Two new reports from the analysts at Stifel focus on two companies that not only have data that could prove to be huge, but that have both been absolutely hammered over the past year, offering aggressive accounts the best entry points in some time. These stocks are very speculative, and though rated Buy, they are only appropriate for very aggressive portfolios.
Cempra
This top biotech has been absolutely eviscerated since printing highs last summer. Cempra Inc. (NASDAQ: CEMP) is a clinical-stage pharmaceutical company focused on developing antibiotics to meet critical medical needs in the treatment of bacterial infectious diseases. Cempra’s two lead product candidates are currently in advanced clinical development. Solithromycin (CEM-101) has successfully completed two Phase 3 clinical trials for community-acquired bacterial pneumonia, and new drug applications for the intravenous and oral capsule formulations have been submitted to the FDA.
Solithromycin is licensed to company’s strategic commercial partner Toyama Chemical, a subsidiary of Fujifilm Holdings, for certain exclusive rights in Japan. Solithromycin is also in a Phase 3 clinical trial for uncomplicated urogenital urethritis caused by Neisseria gonorrhoeae or chlamydia.
The company recently released very positive results for a Phase 2, multi-center, randomized, double-blind study that was conducted by Toyama to evaluate the efficacy, safety and pharmacokinetics of solithromycin in Japanese patients. The Stifel analysts view the release of oral solithromycin data demonstrating numerically superior efficacy to levofloxacin in the Phase 2 study conducted by Toyama as a very positive result.
The Stifel price target for the stock is an incredible $51. The Thomson/First Call consensus price target is $38.91, and the stock closed most recently at $17.89 per share.
Relypsa
This biopharmaceutical company also has been hammered but has big upside potential, according to the Stifel analyst.

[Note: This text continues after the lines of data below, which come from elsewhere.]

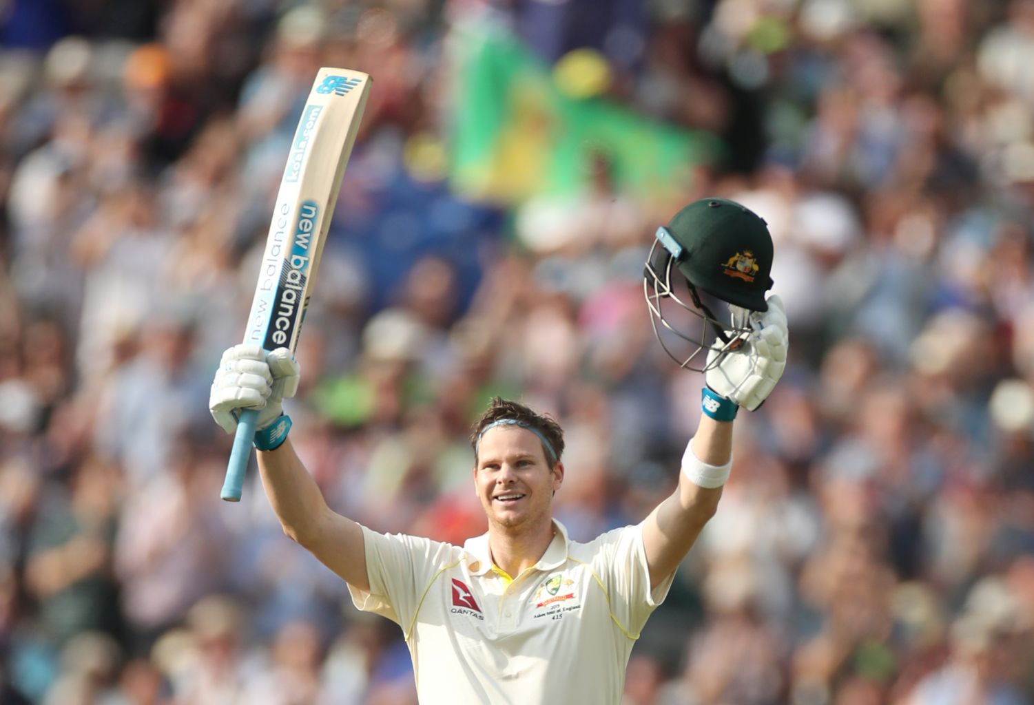 Australia's Steve Smith celebrates his century.
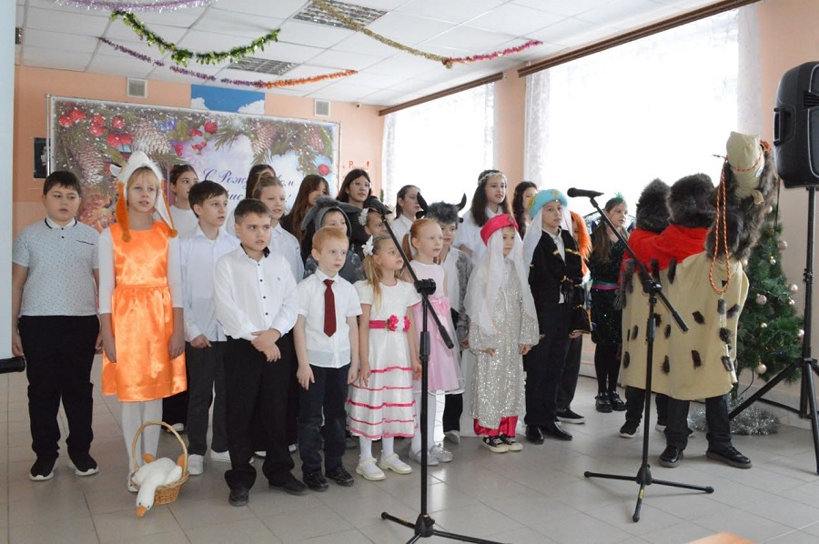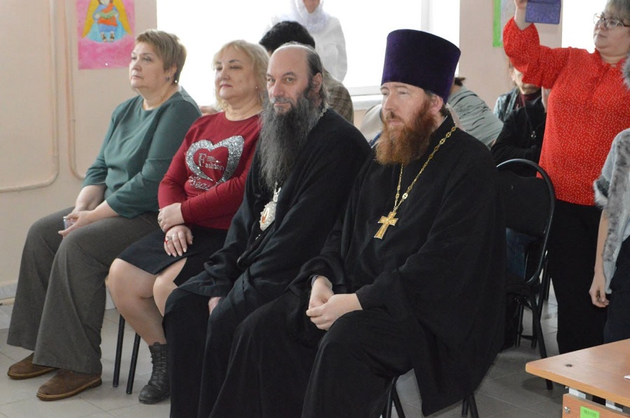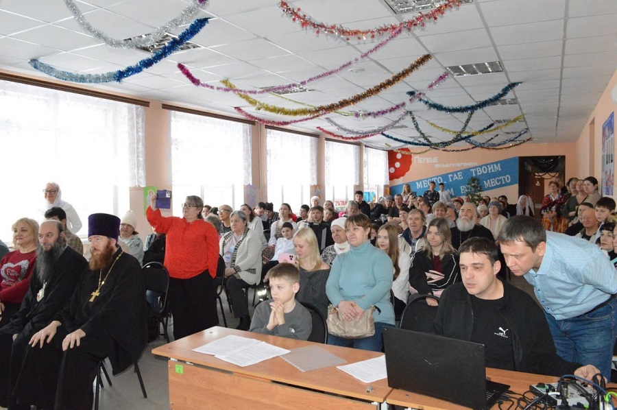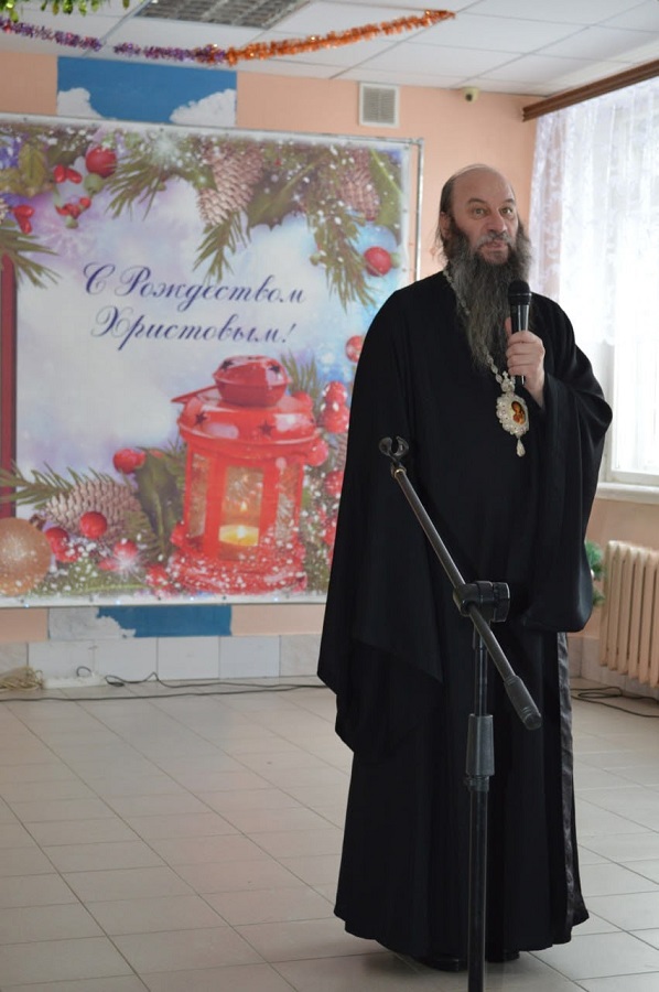 ОРСК, ПОС. ГУДРОН. 11 января 2026 г. После Божественной литургии и утренника в кафедральном соборе Преосвященнейший Ириней, епископ Орский и Гайский, по приглашению настоятеля храма Архангела Михаила священника Геннадия Новикова посетил школу №88, где проходил праздник "Поверь в Рождество!"
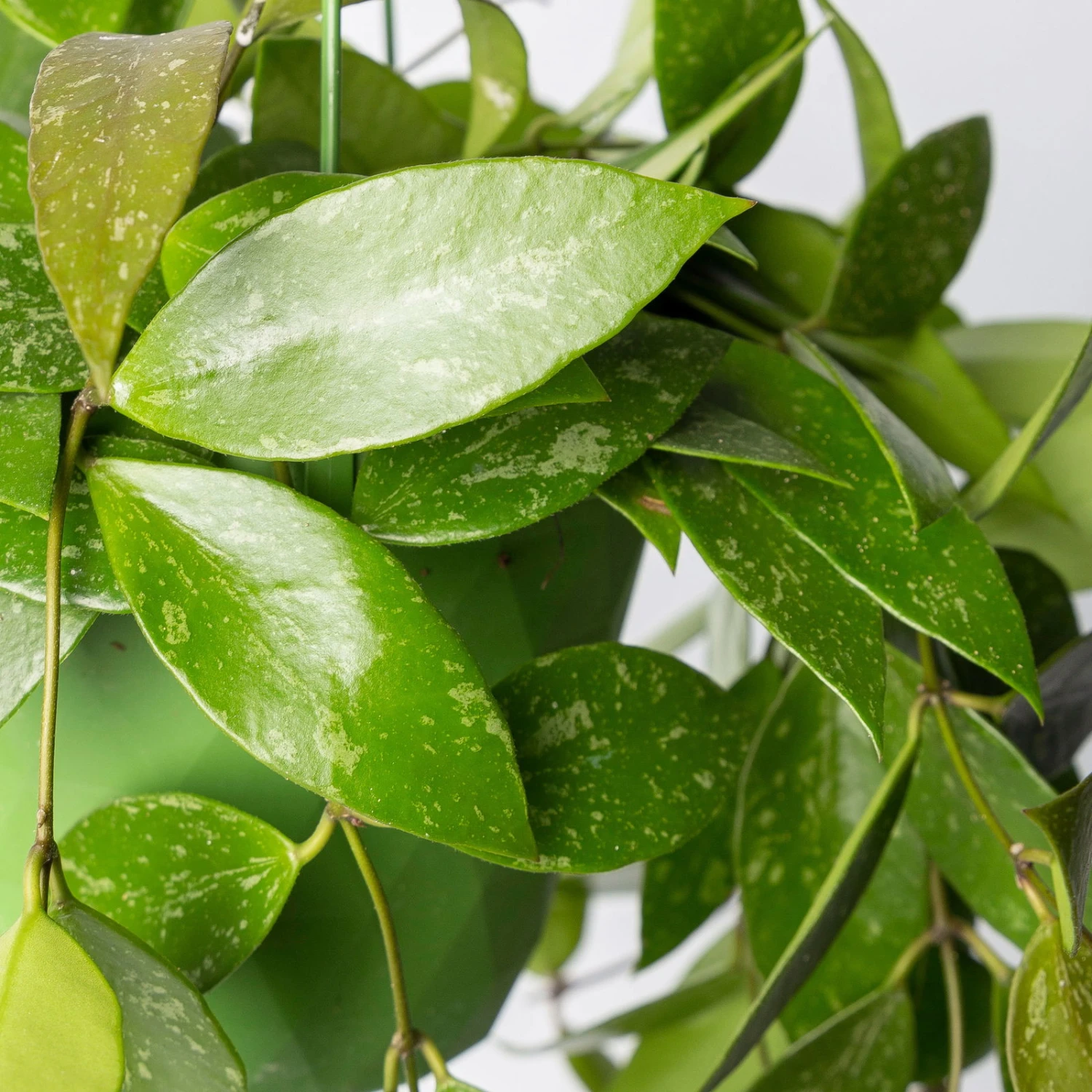 Die Wachsblume (Hoya memoria syn. H. gracilis), zählt zu den Sukkulenten und stammt ursprünglich aus Asien. Die Pflanze zählt zu den Aufsitzerpflanzen (Epiphyten) und wächst am Naturstandort auf den Ästen größerer Bäume. Charakteristisch sind die grün glänzenden, elliptischen Blätter, die außergewöhnlich derb und dickfleischig sind. Besonders dekorativ sind die silbrigen Sprenkel, die jedes Blatt unterschiedlich zeichnen. Die Wachsblume bildet lange Ranken aus und eignet sich daher optimal für die Kultur in einer Blumenampel. Bei guter Pflege können diese Ranken über einen Meter lang werden.
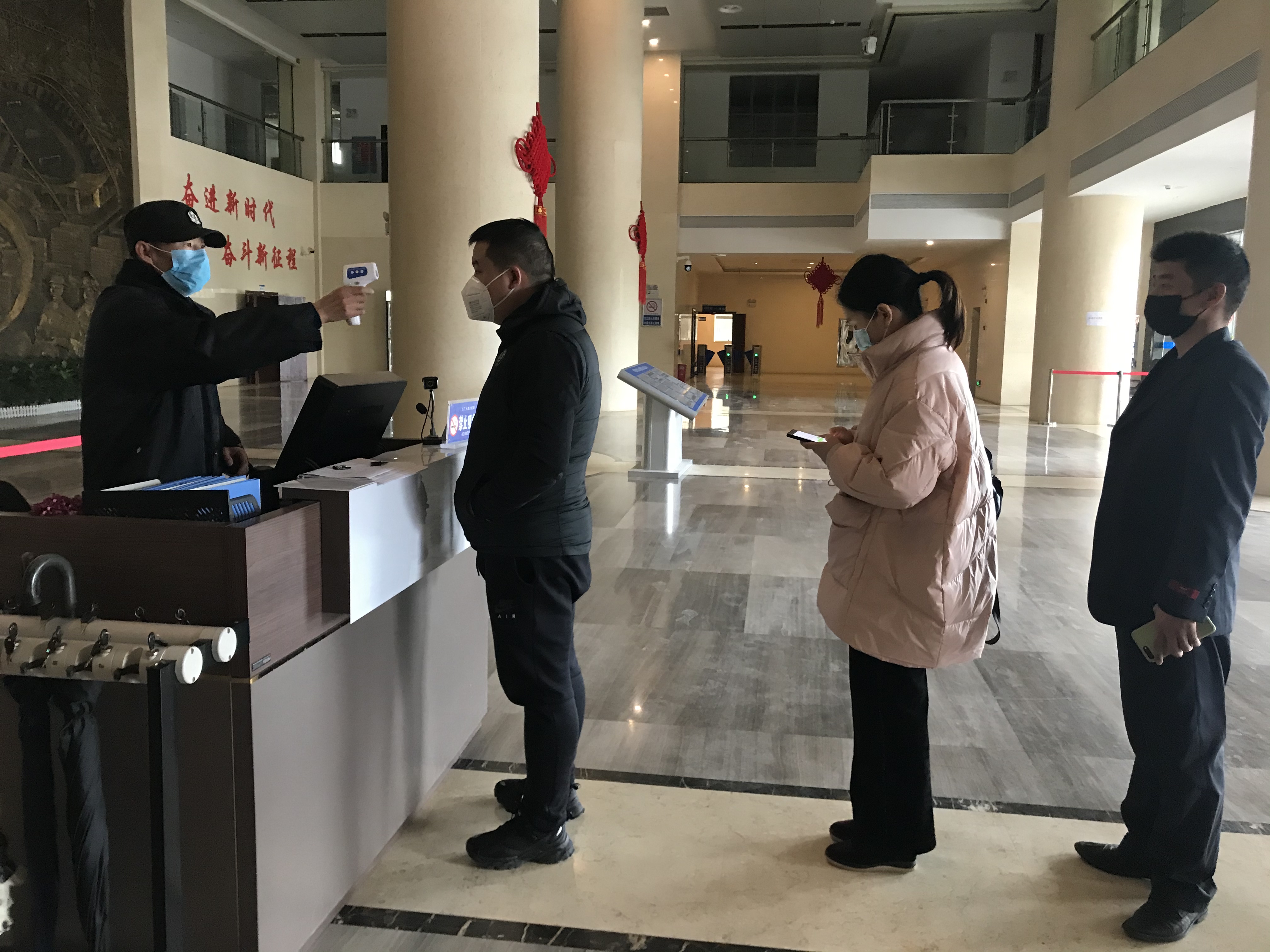 值班人員對(duì)智慧大廈進(jìn)出人員進(jìn)行體溫檢測(cè)
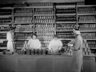 Gyümölcsöt öntenek a futószalagra a munkások egy konzervgyárban. Asszonyok válogatják a gyümölcsöt. A gyümölcs felodolgozás munkafolyamatai: feldolgozás, főzés, ládázás, raktározás.
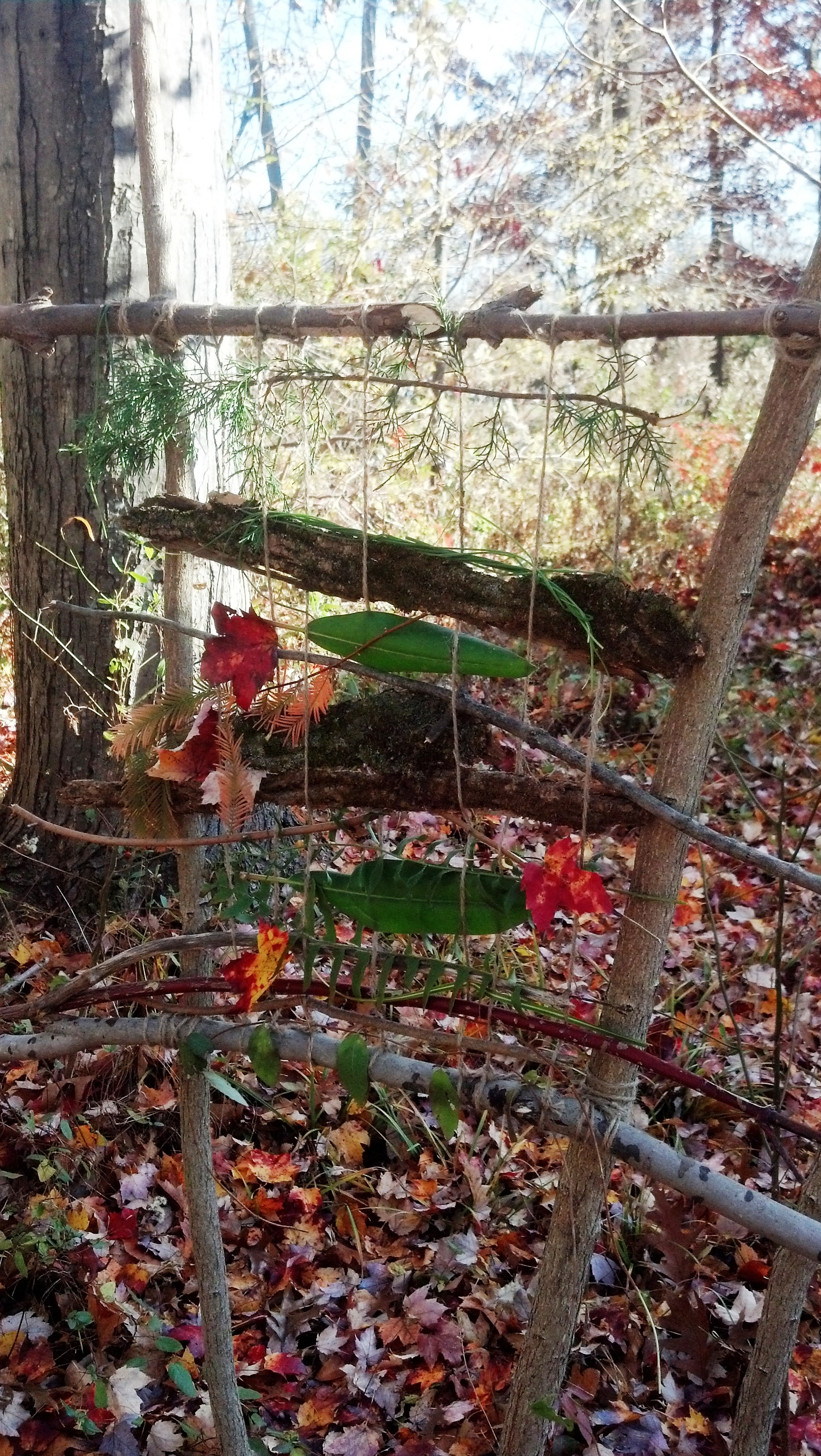 12. Nature Loom: Go out in search of items of interest that can be added to a loom hung between two trees. This can also be done on an individual small scale using a stick in the shape of a Y.
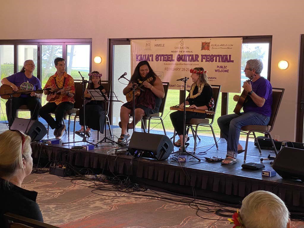 Steel guitarist Heuʻi Bandmann with Rhonda Murotake, Ethan Goore, and Natan Goore.
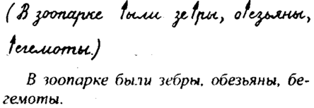 Конечно, могут быть и другие причины ошибок, общие для всех их типов, например: недостаточная координированность движений руки пишущего, неправильное положение тела при письме, плохая освещенность или плохое зрение, механические помехи (плохое перо неровная бумага или, вернее неровная поверхность стола под бумагой) и т. п. Не следует забывать и о таких ошибках письма, которые нельзя определить как графические: несоблюдение строчки, переписывание через линию полей, непропорционально большие (или маленькие) интервалы между словами, недописывание строки и пр. Часты ошибки в соединениях букв.
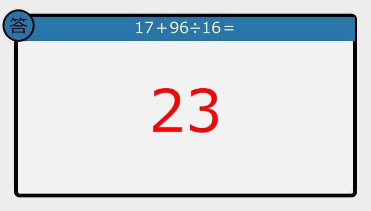 【解けなかったら恥ずかしい?】17+96÷16は?《計算クイズ》

Relypsa Inc. (NASDAQ: RLYP) is focused on the discovery, development and commercialization of polymeric medicines for patients with conditions that are often overlooked and undertreated and can be addressed in the gastrointestinal tract.
The company’s first medicine, Veltassa (patiromer) for oral suspension, was developed based on Relypsa’s rich legacy in polymer science. Veltassa is approved in the United States for the treatment of hyperkalemia. Veltassa has intellectual property protection until 2030 in the United States and 2029 in the European Union.
In a huge win for the company, and a big surprise for many, AstraZeneca’s competing drug to Veltassa, ZS-9, which many thought would gain approval but have a severe black box warning, was not approved by the U.S. Food and Drug Administration (FDA). This incredible and unexpected setback is fantastic news for Relypsa. With AstraZeneca out of the game for now, Relypsa has the commercial market, with estimated peak sales forecasts of about $1 billion, all to itself.
Relypsa also announced this week that the company has submitted a supplemental New Drug Application (sNDA) to the FDA requesting label changes for Veltassa for oral suspension based on results of 12 Phase 1 drug-drug interaction studies in healthy volunteers.
Stifel has a huge $36 price target for the stock, while the consensus price objective is $31.33. The stock closed Thursday at $16.60 but opened Friday at $20.63, up more than 20%.
Two big opportunities for aggressive investors. There are also substantial risks should the outcomes not play out favorably. With that in mind, some smaller speculative positions could be the right play for aggressive risk tolerant accounts.